*PROMPT:* Your task is to transcribe the lines from the start of the data below through the line containing "冬をイメージした真っ白なチー", inclusive, exactly as they stand and without the pictures.

*INFORMATION SHOWN:*
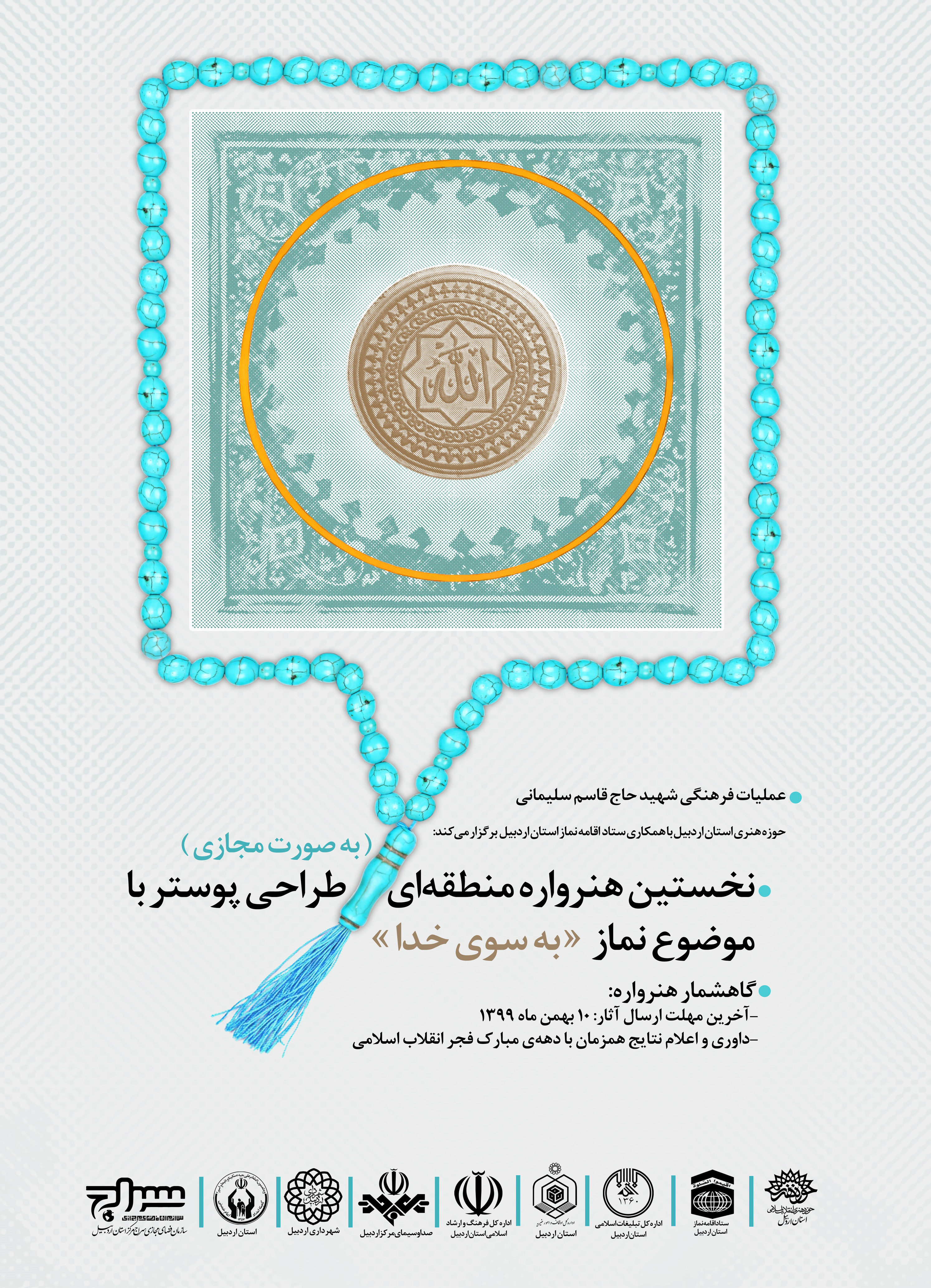 حوزه هنری استان اردبیل با همکاری ستاد اقامه نماز استان، سازمان تبلیغات اسلامی استان، ادارهکل اوقاف و امورخیریه، ادارهکل فرهنگ و ارشاد اسلامی، صدا و سیمای مرکز اردبیل، شهرداری اردبیل، کمیته امداد امام خمینی و موسسه سراج برگزار میکند:
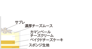 冬をイメージした真っ白なチーズムースは、コクと爽やかな後味の濃厚チーズ。中には小林牧場のカマンベールを使用した旨味の詰まったクリームと、しっとりベイクドチーズケーキを合わせて。
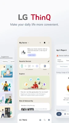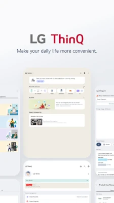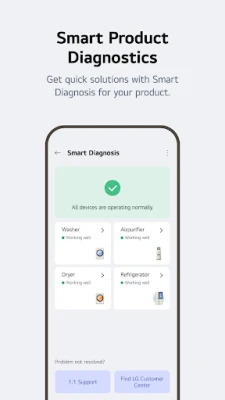 Oroa dig mindre och njut mer av dina produkter med LG ThinQs omfattande supportfunktioner. Få snabb hjälp med inbyggd smart diagnostik som kontrollerar enhetens status och vägleder dig genom potentiella problem. Behöver du professionell hjälp? Boka enkelt ett servicebesök direkt via appen. För omedelbara svar på dina frågor finns den AI-drivna funktionen "Chatta med LG", som ger skräddarsydda råd baserade på din produkts specifika situation. LG ThinQ är din kompletta partner för ett problemfritt, energieffektivt och smart uppkopplat hem.
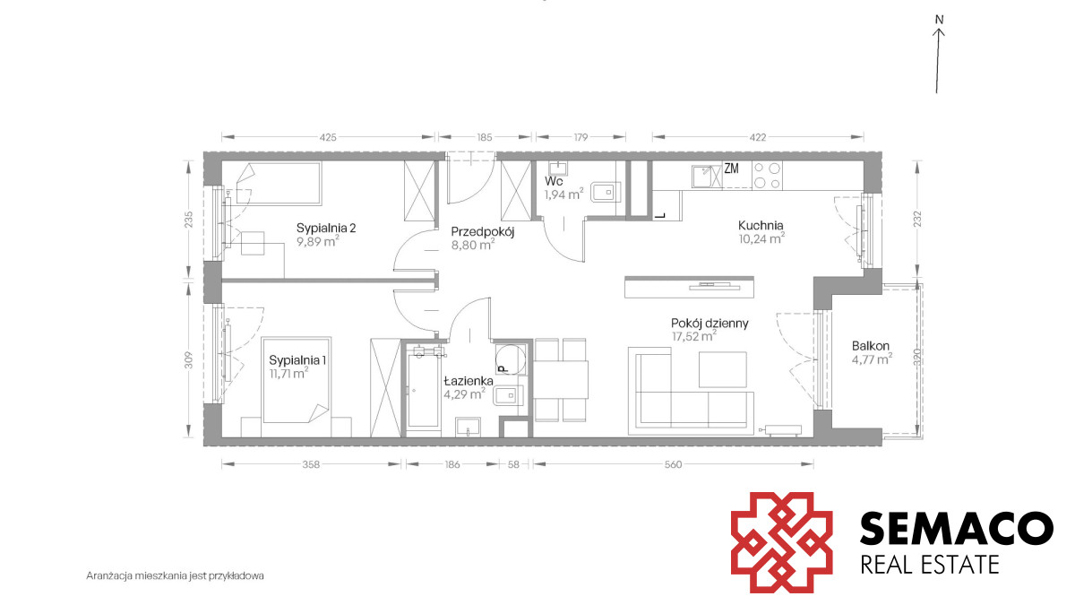 Układ: salon + aneks kuchenny, 2 sypialnie, łazienka, WC i przedpokój

*ANSWER BELOW:*
 حوزه هنری استان اردبیل با همکاری ستاد اقامه نماز استان، سازمان تبلیغات اسلامی استان، ادارهکل اوقاف و امورخیریه، ادارهکل فرهنگ و ارشاد اسلامی، صدا و سیمای مرکز اردبیل، شهرداری اردبیل، کمیته امداد امام خمینی و موسسه سراج برگزار میکند:
 冬をイメージした真っ白なチーズムースは、コクと爽やかな後味の濃厚チーズ。中には小林牧場のカマンベールを使用した旨味の詰まったクリームと、しっとりベイクドチーズケーキを合わせて。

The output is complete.